12 Apostles – Melbourne and the Great Ocean Road

Monday 16th December 2019 09:22 EST

Dramatic, rugged and windswept- the coastline of Melbourne offers majestic views of the Apostles, splendid sunsets and a perfect summer getaway. Rising out of the Southern Ocean, alongside Australia's famous Great Ocean Road, are the striated pinnacles of limestone rocks, 12 Apostles. Formed about 20 million years ago by constant erosion of the limestone cliffs of the mainland, blasting waves and winds have now battered the softer limestone, forming caves in the cliffs which gave way to arches, and eventually broke them down into 45-metre (150-foot) tall columns.

With only seven of them now remaining, they were once connected to the mainland cliffs. A road trip to Melbourne is a classic way to explore the coastline while on a tour to Australia. The four-hour and about 200 miles of journey offers panoramic seascapes and sneak peaks into the Australian wildlife. Winding bends hug the coast as the Great Ocean Road crosses its protected national park, bushlands and diversified flora and fauna.

View the 12 Apostles at sunrise and sunset as they change colour from dark and foreboding in shadow to brilliant sandy yellow under a full sun. And as the sun sinks below the horizon tourists gather to watch Penguins returning from the waters after a day’s fishing to burrows beneath the main visitor lookout. Now, a series of viewing platforms connected by wooden boardwalks wind their way around the cliff tops for the closest possible experience of these Apostles.

A helicopter flight over the 12 Apostles and a view of the London Bridge

Flights depart throughout the day from the heliport behind the 12 Apostles Visitor Centre. Loch Ard Gorge, London Bridge, the Grotto, Bay of Islands, and the entire Shipwreck Coast all the way to Cape Otway, site of the oldest lighthouse in Australia are some of the things to watch out for.

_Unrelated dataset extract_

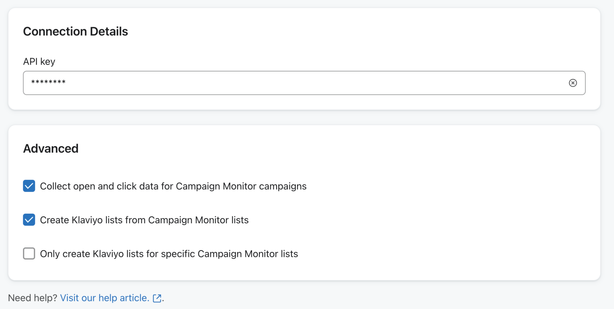 Una vez que hayas completado la configuración, los datos comenzarán a sincronizarse con Klaviyo en unos minutos. Klaviyo ejecuta una sincronización histórica, además de establecer sincronizaciones periódicas para obtener nuevos datos. Klaviyo recibe datos históricos de interacción de Campaign Monitor de los últimos 90 días. Los nuevos datos se sincronizan con Klaviyo cada hora.

Explore natural attractions and ecology

The self-guided walks at Loch Ard Gorge provide an informative insight into the shipwreck history, geology, and coastal ecology. Visit the Grotto where you can often see rainbows made from wave spray and sunshine, the Arch with its spectacular views of the 12 Apostles in the late afternoon, London Bridge originally a natural archway, which collapsed in 1990, and the Bay of Islands. Climb down the 86 stairs of Gibson Steps to the beach, which is backed by 70-metre (230-foot) limestone cliffs. Make your way towards the enormous offshore rock stacks of Gog and Magog.

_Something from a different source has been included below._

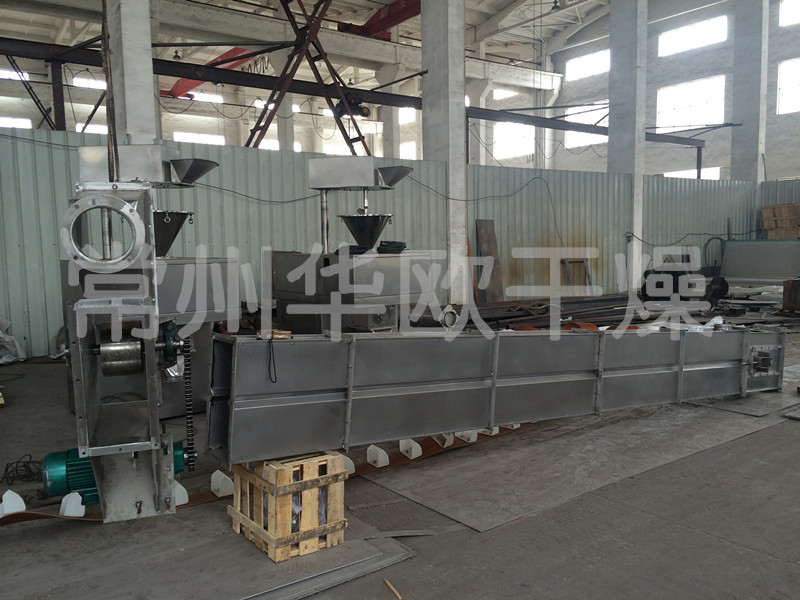 此次客户订购的是一套GZL-4制粒机,配套有斗式提升机、振动筛等,设备不锈钢制作,完全符合食品级标准,外部做抛光处理,轧辊直径:360mm,轧辊宽度:300mm,成品产量:600-1500公斤/小时(产量高低需看颗粒大小及物料比重)。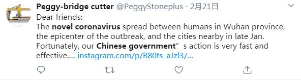 推特用戶Peggy-bridge cutter說:親愛的朋友們,新冠肺炎疫情在武漢和周邊城市暴發(fā)。所幸,中國政府采取了迅速、有效的行動。

Walk the end of the Great Ocean Walk and look out for Kangaroos

From Princetown it is a 7-kilometre (4.3-mile) moderate trudge on boardwalk, crushed gravel, steps and rubber tiles. Savour stunning coastal views and look for kangaroos and birdlife. If you're keen to enjoy a longer walk you can take on the entire 104-kilometre (167-mile) Great Ocean Walk.

Check out the shipwrecks

See the historic shipwreck display at the 12 Apostles Visitor Information Centre in Port Campbell including a 1/60th scale model of the Loch Ard as well as its kedging anchor. Explore the entire Shipwreck Coast, which has more than 200 shipwrecks between Port Fairy and Cape Otway. The Historic Shipwreck Trail has 25 signposted sites leading to information plaques that overlook the cliffs where the wrecks occurred.

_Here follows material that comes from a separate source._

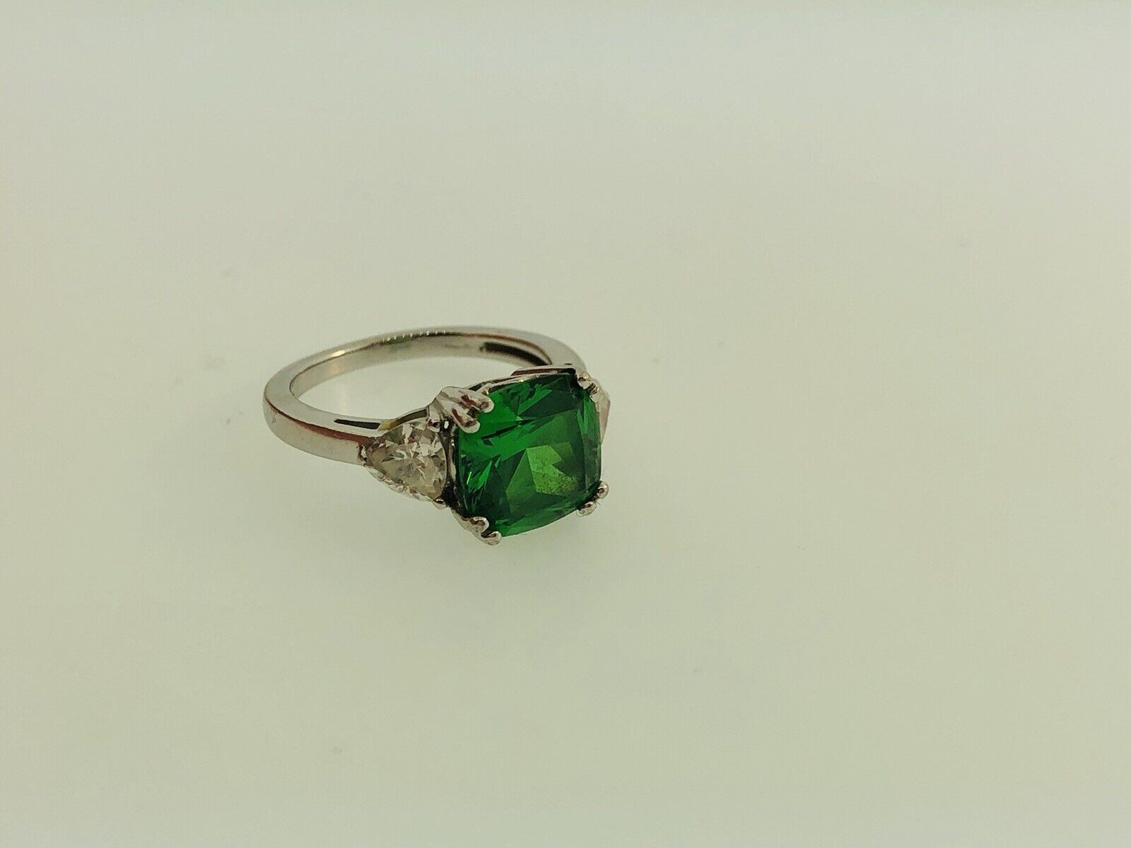 - Stunning Designer Sterling Silver Green White Cubic Zirconia CZ Cocktail Ring

Kennett River and Koala Walk

Kennett River is home to some of the friendliest koalas around. The small hamlet is located just off Grey River Road, swarming with both colourful birds and snoozing koalas. You can also join in on the bird feeding provided, with colourful parrots, and cackling cockatoos!

Get out on the water

Take a scenic tour with Port Campbell Boat Charters to see the 12 Apostles up close. It's an invigorating, end-of-the-earth feeling to see this coastline when it's being whipped by howling winds and huge seas. fishing as well as snorkelling and diving adventure.